Case reports fulfill an important part of monitoring the safety of medical procedures, but are suggestive rather than conclusive. Their findings must be further investigated by formal observational or experimental studies.

Case series.

Case series are a descriptive analysis or report of a small number of subjects receiving a new therapy or having a particular disease or condition. They are rather more formal than the case report since the case series is usually deliberately assembled for the specific purpose of describing or summarizing a group of similar patients. The case report is even less planned or structured.

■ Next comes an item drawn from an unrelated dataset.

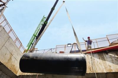 夏季是用水高峰,6月2日郑州供水日供水量已超过140万立方。6月3日,郑州最高气温42.8℃,用水量再创今年新高。为确保安全用水,郑州供水人不畏高温、各司其职、坚守岗位,用自己的汗水守护城市生命线。6月2日上午10点半,郑州市开启“烧烤模式”,在金柏路和杜英街一工地,精瘦的王洪杰跳进3米多深的基坑,从管道和基坑内爬上爬下,一点一点指挥吊车把直径1.2米、长6米的铸铁管像“接竹竿”一样,一节一节地接起来。
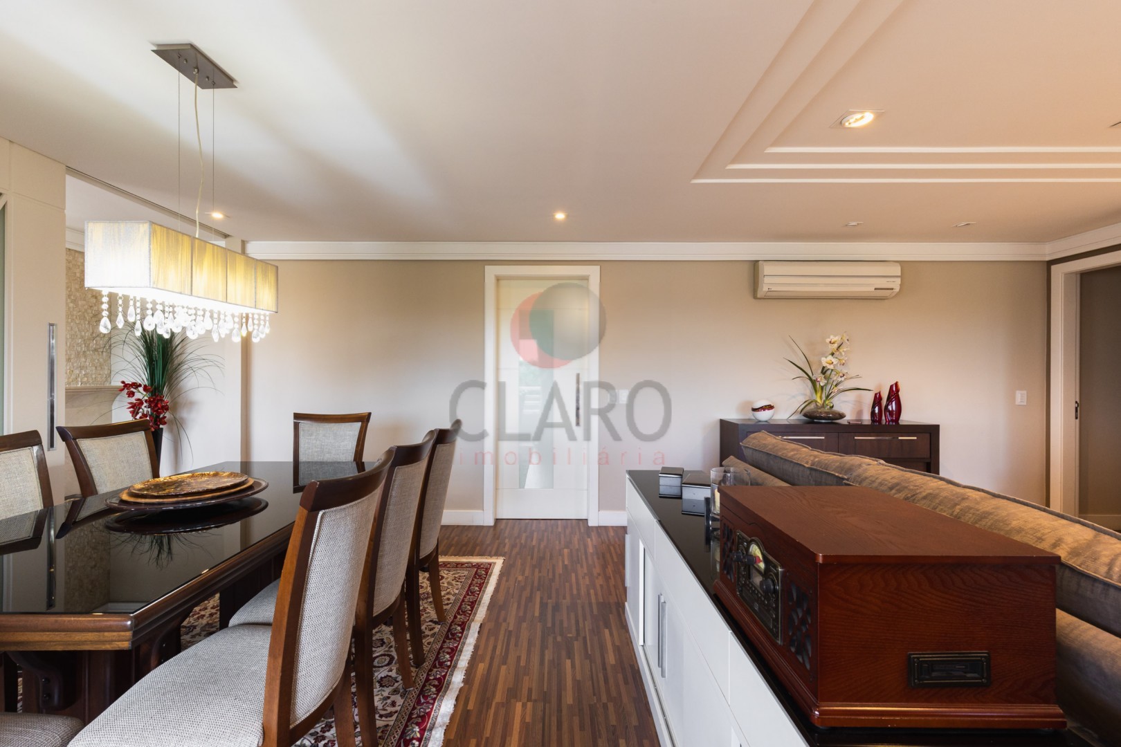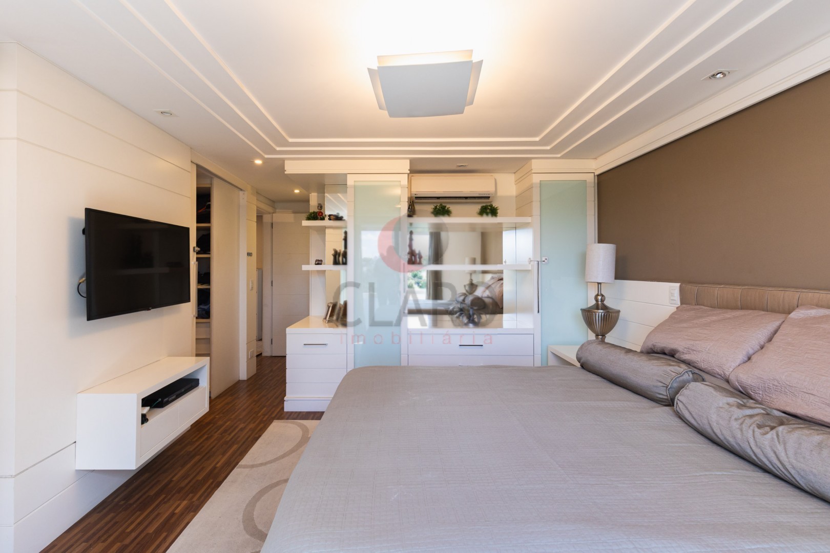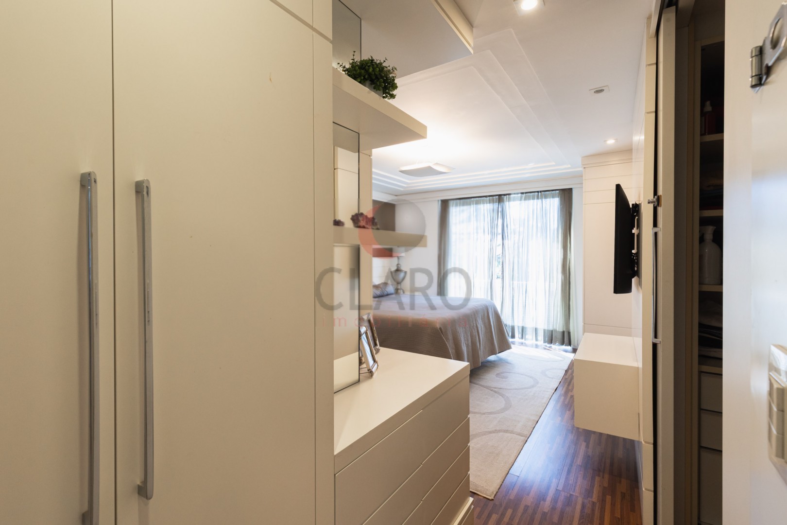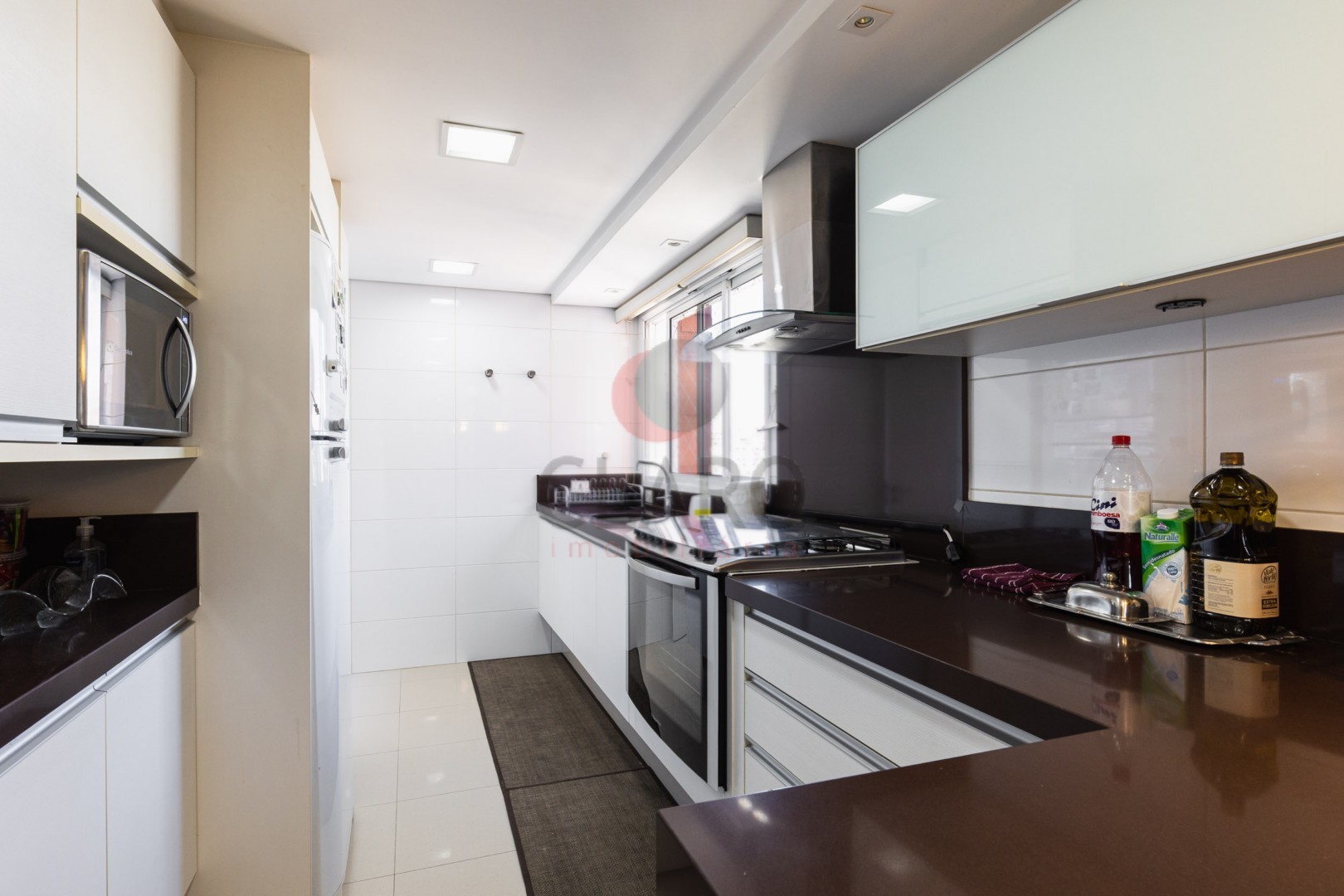 Permanecem no imóvel todos os armários fixos, painéis em madeira fixos, fogão embutido, coifa embutida, espelhos, ar condicionado, iluminação e lustres.

They are however subject to the same limitations and constraints as the case report—they are difficult to interpret, not least because it is not known how the subjects relate to typical subjects nor how the selection was made.

Informal comparative assessment.

Example A new therapy for endometriosis is given to a group of women identified in an infertility practice, and the degree of improvement reported, together with the numbers achieving pregnancy within 1 year. This is compared to the pregnancy rate from previous women with endometriosis treated as part of the infertility practice.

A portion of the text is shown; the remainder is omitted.